__Exercise instructions__:
There is a line containing "サトミカフェよりサトミバーガーの差し入れ。手作り感が◎" in the records below. Repeat it and every line after it, exactly, through the final line, but no pictures.

Source data:

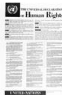
Ejemplar de la Declaración Universal de Derechos Humanos de Naciones Unidas

La Unión Europea ha celebrado el pasado 10 de diciembre un nuevo Día de los Derechos Humanos, rindiendo homenaje a los defensores de los derechos humanos, que consagran sus vidas a promover y defender los derechos fundamentales en todo el mundo. Este año, el Día de los Derechos Humanos se ha centrado en la labor de los defensores de los derechos humanos y en el papel que pueden desempeñar los medios de comunicación social para fomentar y sustentar el cambio. La "primavera árabe" ha recordado con claridad que los derechos humanos son universales y que la gente aspira en todas partes a vivir con dignidad y en libertad. En 2011, miles de personas han decidido que había llegado el momento de reivindicar sus derechos. Los medios de comunicación social se hicieron portadores de su mensaje y permitieron a activistas y particulares salir del aislamiento, difundir ideas y denunciar la opresión. El uso de los medios de comunicación social para promover los derechos humanos no debe verse restringido por los gobiernos. La UE ha condenado reiterada y públicamente las restricciones de la libertad de expresión y del acceso a internet, así como las detenciones de blogueros que están teniendo lugar en muchos países del mundo.
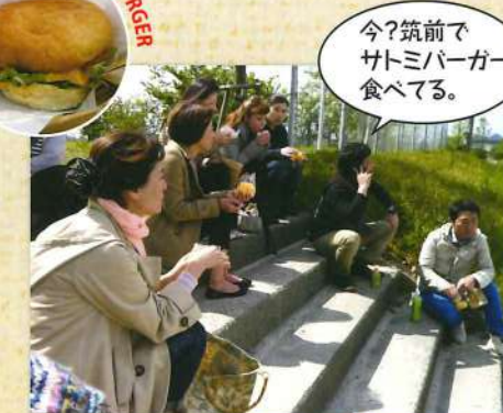
サトミカフェよりサトミバーガーの差し入れ。手作り感が◎
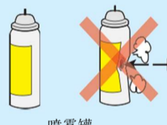
喷雾罐、 卡式炉煤气罐
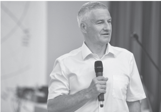
Артур Парфенчиков.

В республике прошел Национальный молочный конгресс

__Answer box__:
サトミカフェよりサトミバーガーの差し入れ。手作り感が◎
喷雾罐、 卡式炉煤气罐
Артур Парфенчиков.

В республике прошел Национальный молочный конгресс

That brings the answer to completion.